岩の裂け目から数人の男たちが出てきて、ヴォルキャストの帰還に静かに沸き立っている。本来だったらここまで近づくのは危険だが、今はヴォルキャストが到着したことで彼らの気が浮ついているのがわかった。
「よくぞご無事で!」
「当たり前だ!」
微かにヴォルキャストと部下らしき者との会話が聞こえた。俺は岩山脇に生えた木の上に身を潜めながら聞き耳をたてる。
「ふむ、しかしその様子ではこの失態はもうすでにリカゲル様に伝わっているか?」
「はっ、検査場の落雷による火災とヴォルキャスト様の失踪はつい先ほど早馬が伝えたところですが」
「落雷による火災? そう伝わっているのか⁉ あれは俺を狙った魔法だ! 封魔石を持っていなければ確実に死んでいたぞ、あの化け物娘が‼」
リカゲル様? ……聞いたことあるような無いような……誰だったっけ? この国の王族だったかな。それにしてもあの検査場の火災、やっぱり自然の雷とかじゃなかったんだな。

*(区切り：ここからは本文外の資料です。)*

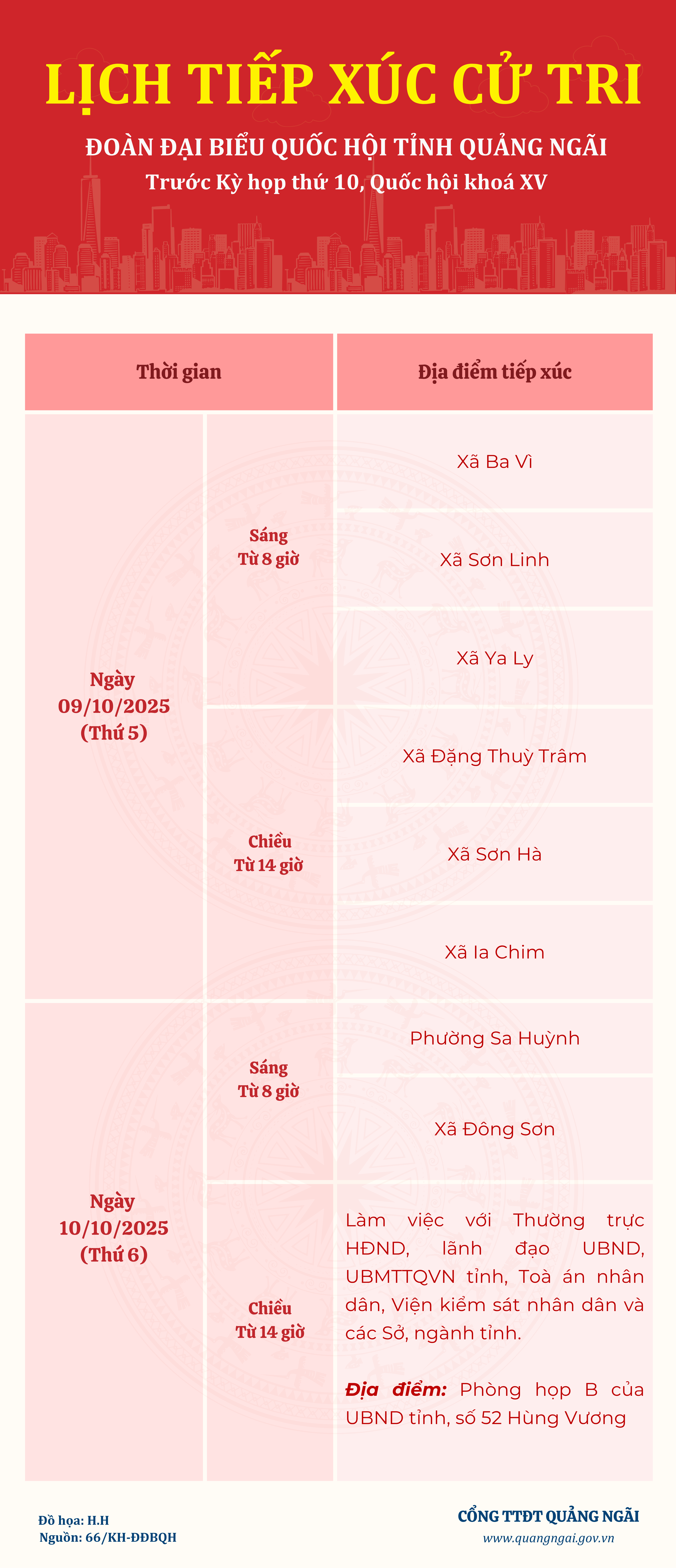 Thông báo lịch tiếp xúc cử tri của đại biểu Quốc hội trước Kỳ họp thứ 10, Quốc hội khóa XV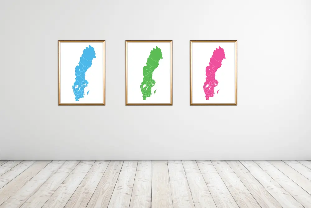 Snygg affisch med en Sverigekarta i en härligt rosa kulör med vit bakgrund och alla länen markerade med vitt. Ett riktigt läckert grafiskt tryck som passar perfekt in i den glamorösa inredningen, kanske med guldfärgade häftstift som markerar viktiga platser. Postern passar lika bra att komplettera med en svart ram för en rockig look som med en guldfärgad för en lyxig känsla i rummet.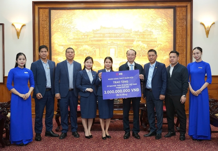 Representatives of MB presented 3 billion VND through Hue City VFF Committee to join hands with the locality in overcoming the consequences of the recent floods and helping residents stabilize their lives.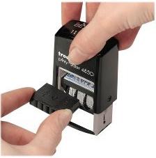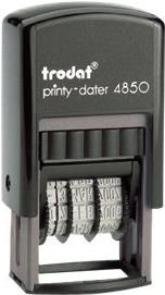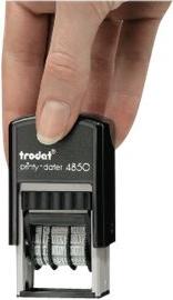 trodat Datumstempel Printy Dater 4850L \"GEBUCHT\", blau/rot ---------------- für den Markt: D / L / A / CH ------------- mit Textplatte, selbstfärbend, Abdruckgröße: 23 x 12 mm, Schrifthöhe: 3,8 mm, Text in blau, Datum in rot, Datumein- stellung mittels Antriebsrädern, passendes Ersatzstempel- kissen: 6/4850/2 (WEDO: 51 4853/trodat: 4850/L3)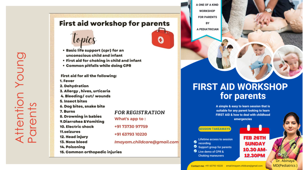 To book your spot for the online first aid session, please mail me to Imayam.childcare@gmail.com or send a message through WhatsApp to +91 63793 10220. If you have any questions, please do not hesitate to contact us.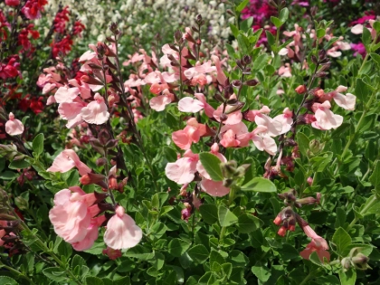 - Salvia x jamensis hybridation de Salvia microphylla et de Salvia greggii, nombreuses couleurs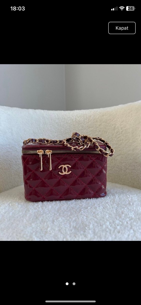 Bordo deri çanta, baskılı desene ve fermuarlı kapanışa sahiptir. Zincir askısı ile klasik zarafeti ve Paris etkisini taşır.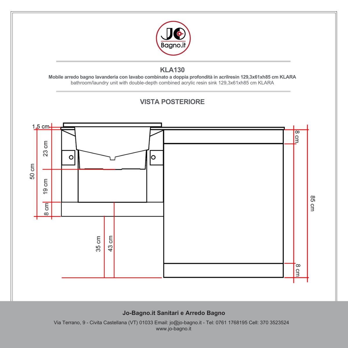 Arredo lavanderia moderno KLARA 130x60 con lavabo combinato doppio uso e profondità in acrilresin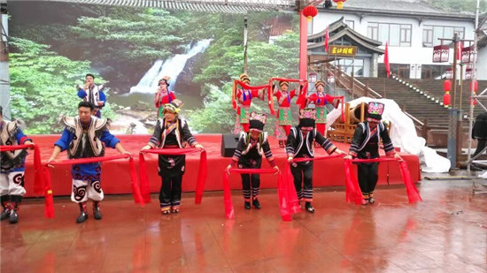 在瓦屋山景区古佛坪广场 ,祝酒歌响起,“青亮亮的咂酒哎...哎咿呀嘞嗦嘞,哦呃咿呀嘞嗦嘞呀......”热情的当地村民,拿出自家亲自酿制的酒来款待远方到来的客人,这是一种神圣而不可改变的待客礼节。让游客感受到当地的风土人情。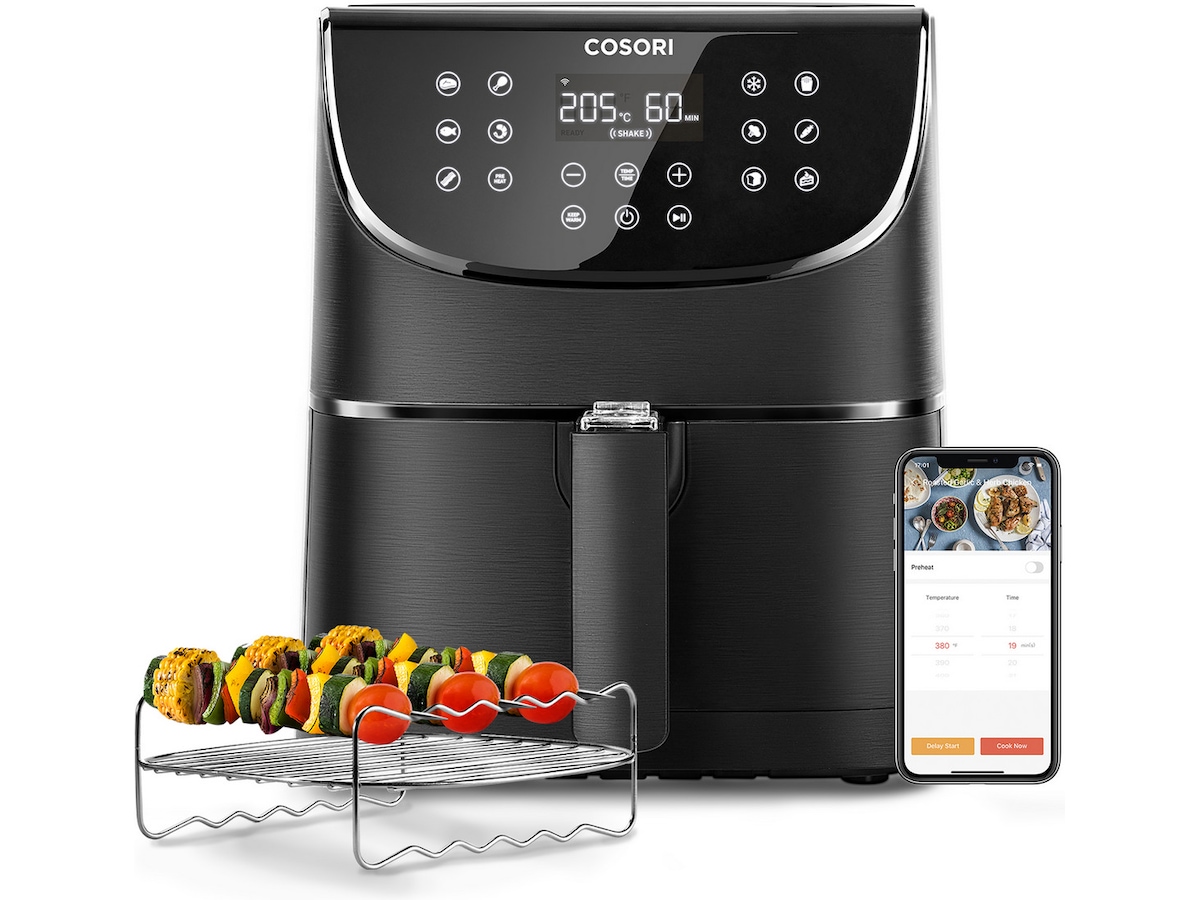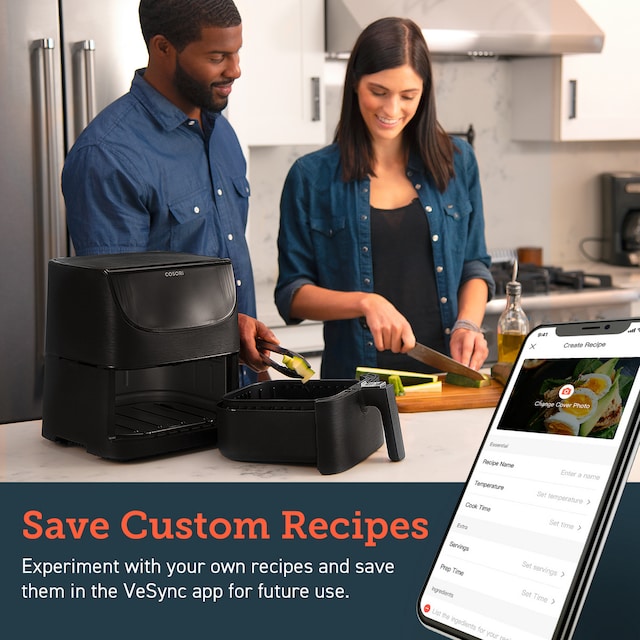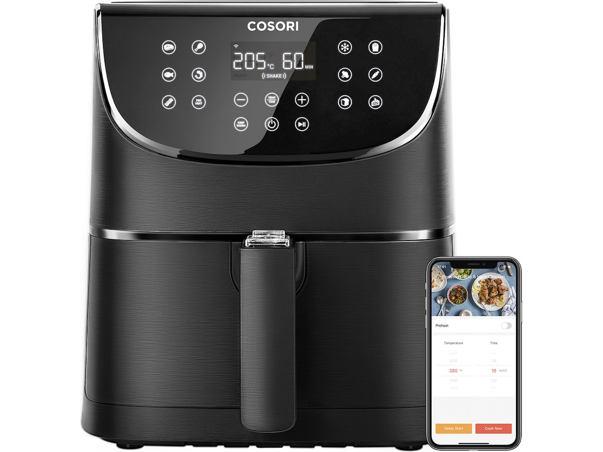 Vinnare av 2019 Red Dot Award och stolt designad i Kalifornien, COSORI VeSync Pro Smart 5.8-Quart Air Fryer har inbyggda smarta funktioner som gör att du kan fjärrjustera inställningar och övervaka måltider från din smartphone.

化け物ってレアラードのことか? じゃああの雷はレアラードの魔法ってこと? ちょっとだけその可能性を考えもしたが、まさか本当に? 何なんだよあいつ! 剣どころか魔法まで桁外れなんて、まるで本当に伝説のレアラードみたいだな! それなら化け物呼ばわりされてもしかたないか。
「リカゲル様は下だな?」
「はい、もう五日も王城に戻っておられません」
「狂っているんだ。仕方なかろう」
吐き捨てるようにヴォルキャストが言ったことで、俺は思い出した。そうだ、リカゲルはこの国の第二王子の名前だ。確か明朗な第一王子エミーと引きこもりの第二王子リカゲル、と町の酒場でよく話題に上っていた。
「朗報がある。おそらくだが……エミー様を見つけた」
その先が聞こえなくなったのは、ヴォルキャストと部下たちが速足で岩山の裂け目の中に入っていったからだ。俺は少しの逡巡の後、タイミングを見計らって同じく裂け目の中へ入ろうとし――、
「ギャギャギャギャ!」
やかましい猿の鳴き声とともに、俺の隠れ蓑にしていた木が揺らされた。見れば足下から一匹の猿が俺めがけて木をよじ登ってきている。一瞬さらに木の上に上りかけて諦める。
畜生、言い訳にしたくないが、この体じゃあこの先の枝が折れちまう!
裂け目からは何事かと数人の兵士たちが出てくる。森へ引き返すには俺と同等に身軽な猿が邪魔だ。俺は調子に乗って深入りしすぎたことにやっと気付いた。